Given records:
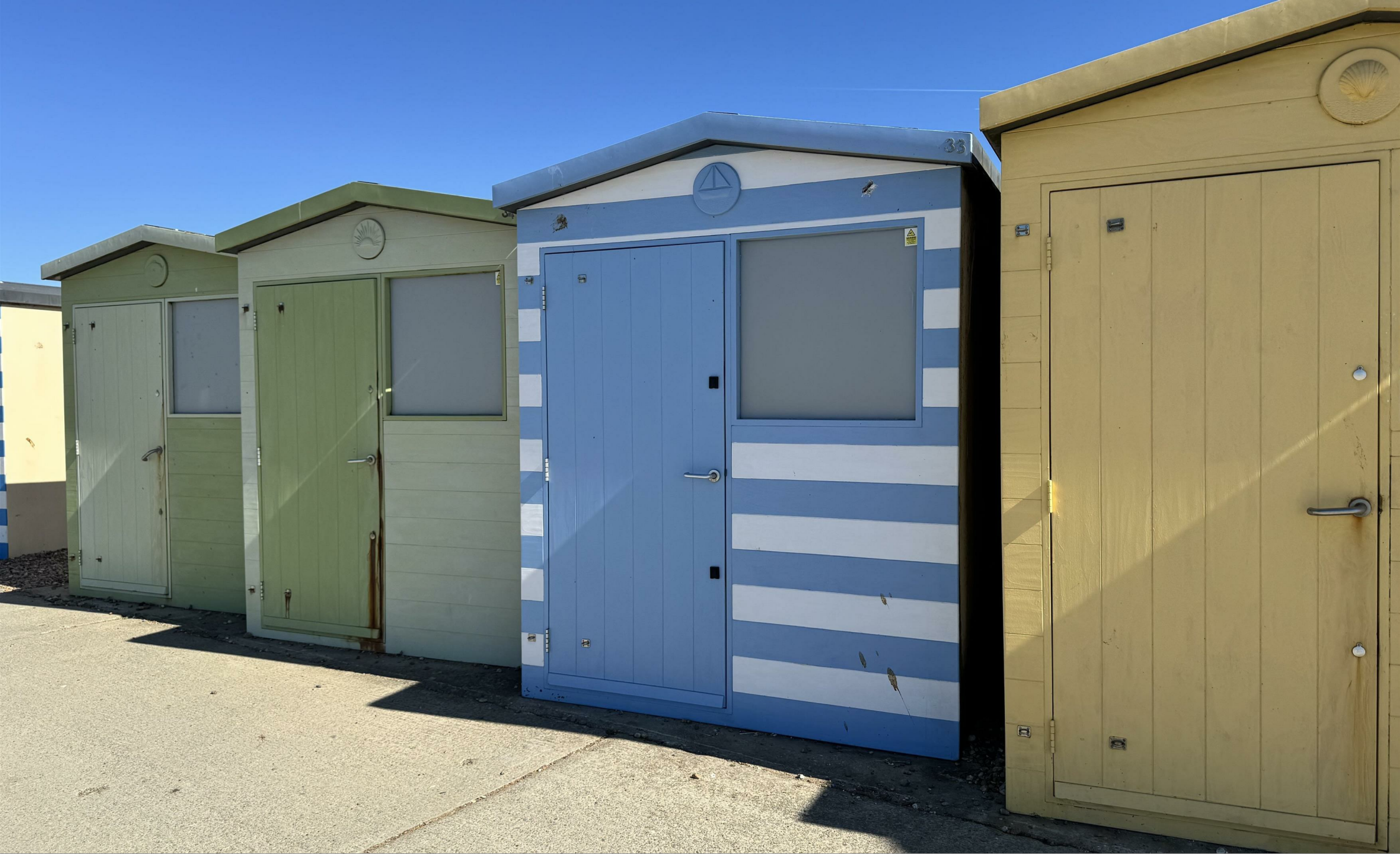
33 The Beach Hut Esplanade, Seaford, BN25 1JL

---

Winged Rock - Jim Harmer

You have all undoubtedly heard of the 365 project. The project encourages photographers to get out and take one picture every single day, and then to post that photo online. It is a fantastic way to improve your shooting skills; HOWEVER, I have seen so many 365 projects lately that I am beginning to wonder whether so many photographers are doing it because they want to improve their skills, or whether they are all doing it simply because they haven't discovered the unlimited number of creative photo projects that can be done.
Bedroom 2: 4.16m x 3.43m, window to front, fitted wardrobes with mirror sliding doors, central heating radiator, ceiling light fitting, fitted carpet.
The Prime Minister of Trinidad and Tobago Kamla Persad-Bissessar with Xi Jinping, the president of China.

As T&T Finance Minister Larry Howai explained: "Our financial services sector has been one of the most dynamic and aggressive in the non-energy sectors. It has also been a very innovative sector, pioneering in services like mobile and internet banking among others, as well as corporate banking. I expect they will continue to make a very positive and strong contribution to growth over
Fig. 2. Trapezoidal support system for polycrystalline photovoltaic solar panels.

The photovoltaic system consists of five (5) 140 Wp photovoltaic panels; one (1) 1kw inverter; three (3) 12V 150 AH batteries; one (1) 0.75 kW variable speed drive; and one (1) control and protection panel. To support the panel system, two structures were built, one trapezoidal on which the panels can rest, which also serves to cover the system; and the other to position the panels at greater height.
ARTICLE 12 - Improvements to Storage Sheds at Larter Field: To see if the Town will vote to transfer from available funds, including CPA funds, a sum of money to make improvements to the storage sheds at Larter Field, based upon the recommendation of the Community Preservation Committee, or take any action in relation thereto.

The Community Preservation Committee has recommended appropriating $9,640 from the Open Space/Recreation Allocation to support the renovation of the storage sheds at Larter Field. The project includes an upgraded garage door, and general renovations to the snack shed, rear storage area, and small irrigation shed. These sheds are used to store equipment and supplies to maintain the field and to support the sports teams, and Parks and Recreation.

...

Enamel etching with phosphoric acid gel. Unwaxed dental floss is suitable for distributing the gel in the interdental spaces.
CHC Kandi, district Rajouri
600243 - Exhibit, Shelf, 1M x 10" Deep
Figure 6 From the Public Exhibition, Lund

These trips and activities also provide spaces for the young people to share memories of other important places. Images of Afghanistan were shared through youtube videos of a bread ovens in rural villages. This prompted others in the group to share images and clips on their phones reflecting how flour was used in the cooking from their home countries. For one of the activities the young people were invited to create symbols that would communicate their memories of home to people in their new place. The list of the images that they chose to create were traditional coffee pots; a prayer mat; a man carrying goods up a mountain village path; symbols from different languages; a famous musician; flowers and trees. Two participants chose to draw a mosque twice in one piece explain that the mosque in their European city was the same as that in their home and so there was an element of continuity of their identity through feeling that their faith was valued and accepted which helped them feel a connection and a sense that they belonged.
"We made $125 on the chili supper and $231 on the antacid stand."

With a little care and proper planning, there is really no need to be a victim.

To do: Copy the lines of the data above exactly as written, beginning with the line containing "Enamel etching with" and ending with the line containing "Figure 6 From the Public Exhibition, Lund", and leave out all other lines.

Output for this exercise:
Enamel etching with phosphoric acid gel. Unwaxed dental floss is suitable for distributing the gel in the interdental spaces.
CHC Kandi, district Rajouri
600243 - Exhibit, Shelf, 1M x 10" Deep
Figure 6 From the Public Exhibition, Lund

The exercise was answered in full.